┌─ Input data
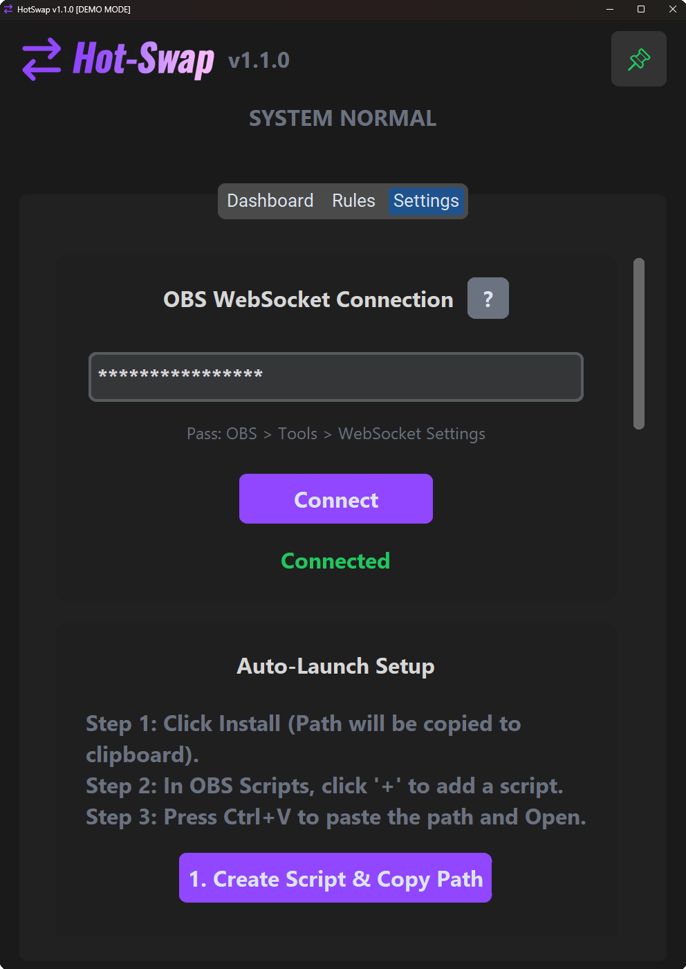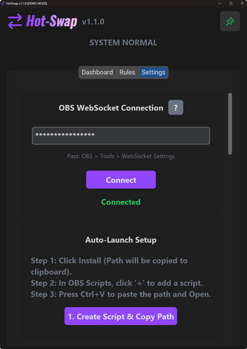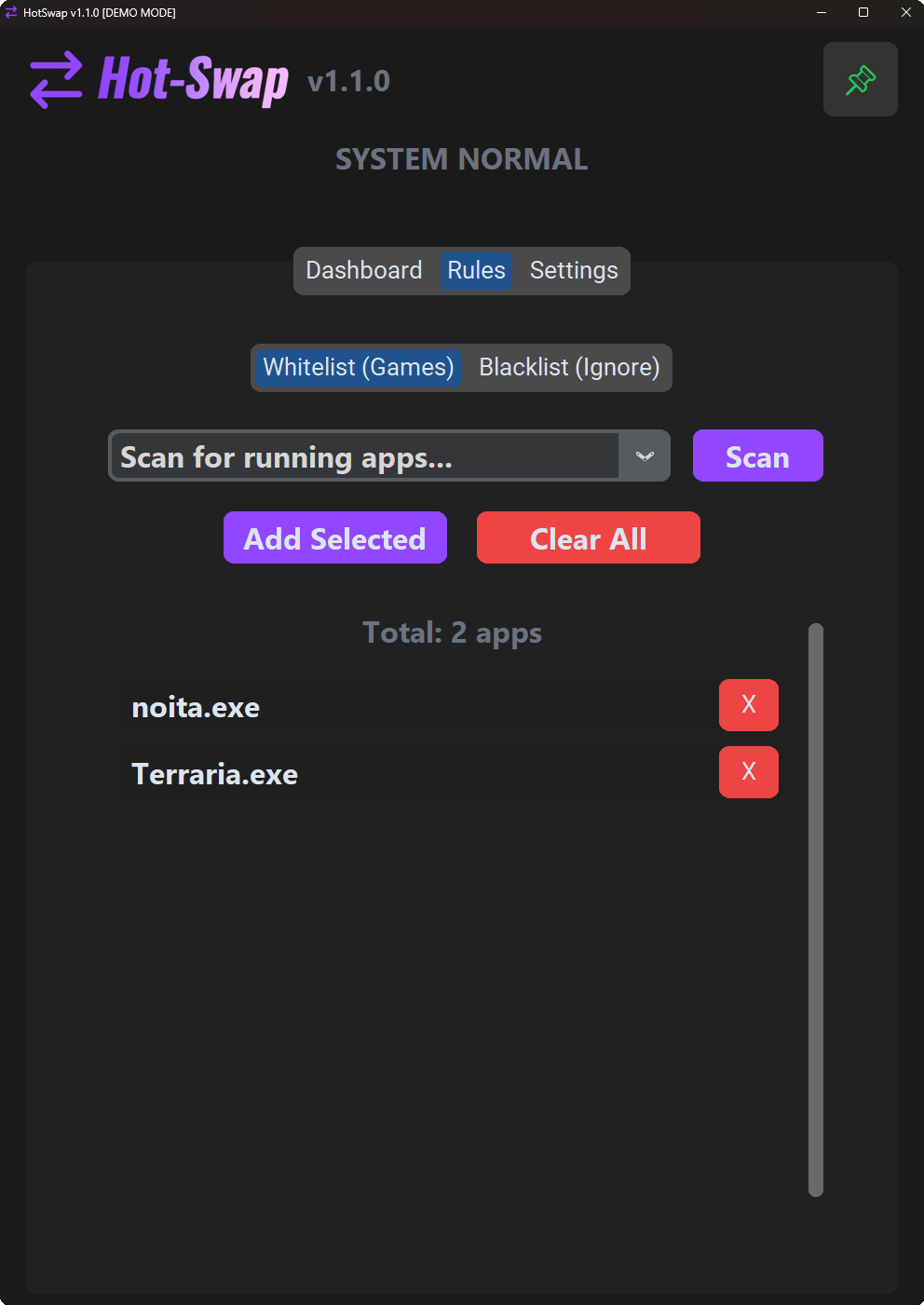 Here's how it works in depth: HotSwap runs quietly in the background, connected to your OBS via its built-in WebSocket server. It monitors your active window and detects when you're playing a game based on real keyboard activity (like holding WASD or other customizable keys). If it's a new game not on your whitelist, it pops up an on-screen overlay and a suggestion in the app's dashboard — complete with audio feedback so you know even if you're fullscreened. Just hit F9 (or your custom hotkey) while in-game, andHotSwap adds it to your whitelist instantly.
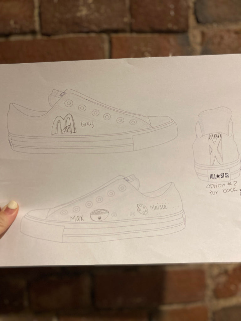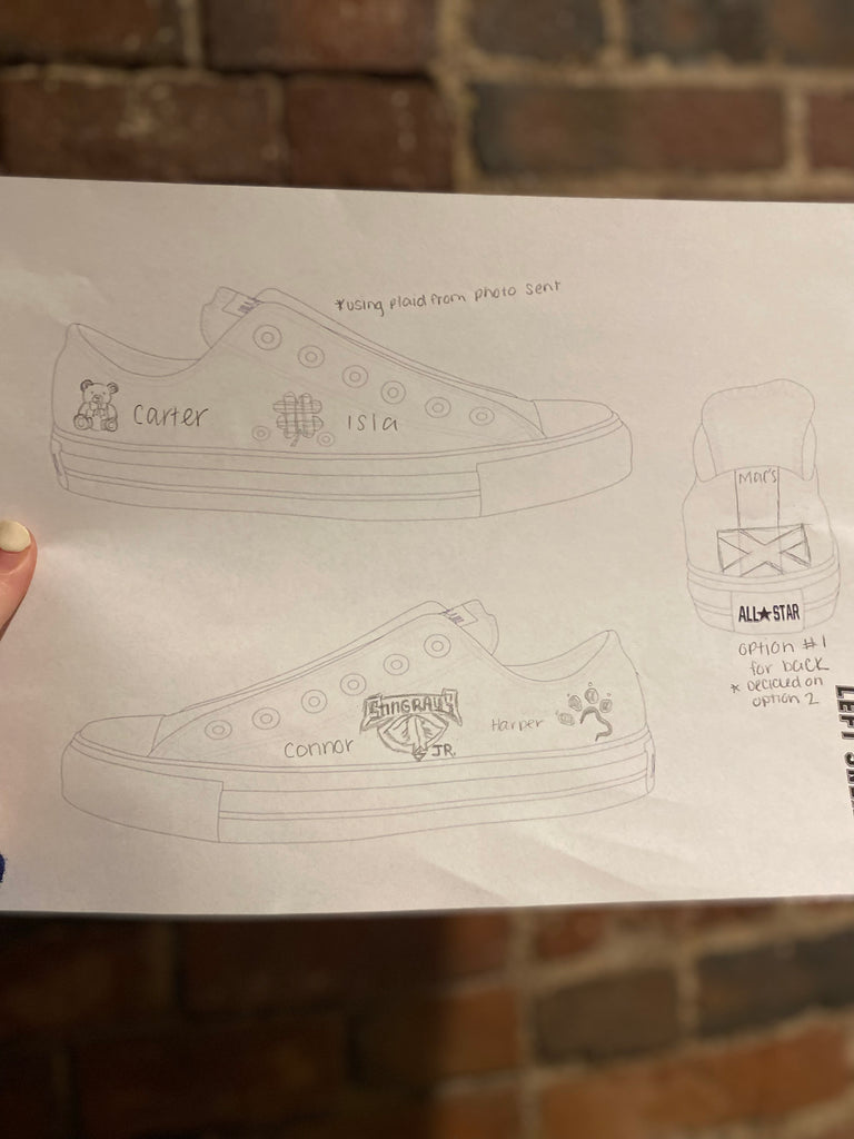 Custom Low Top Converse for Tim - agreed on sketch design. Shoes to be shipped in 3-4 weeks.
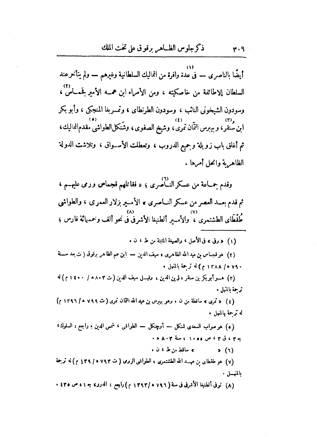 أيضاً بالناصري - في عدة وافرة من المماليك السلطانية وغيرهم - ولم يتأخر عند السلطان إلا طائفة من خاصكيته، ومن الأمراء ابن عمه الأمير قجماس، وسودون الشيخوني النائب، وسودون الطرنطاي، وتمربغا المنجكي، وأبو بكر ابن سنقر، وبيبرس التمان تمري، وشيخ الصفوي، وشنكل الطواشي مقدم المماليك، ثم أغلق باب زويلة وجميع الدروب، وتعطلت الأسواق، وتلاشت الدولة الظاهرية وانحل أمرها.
└─
• _To do_
Your answer must be an exact copy of the lines from the one with "Custom Low Top" through the final line of the data, both included, without any pictures.

• _Response box_
 Custom Low Top Converse for Tim - agreed on sketch design. Shoes to be shipped in 3-4 weeks.
 أيضاً بالناصري - في عدة وافرة من المماليك السلطانية وغيرهم - ولم يتأخر عند السلطان إلا طائفة من خاصكيته، ومن الأمراء ابن عمه الأمير قجماس، وسودون الشيخوني النائب، وسودون الطرنطاي، وتمربغا المنجكي، وأبو بكر ابن سنقر، وبيبرس التمان تمري، وشيخ الصفوي، وشنكل الطواشي مقدم المماليك، ثم أغلق باب زويلة وجميع الدروب، وتعطلت الأسواق، وتلاشت الدولة الظاهرية وانحل أمرها.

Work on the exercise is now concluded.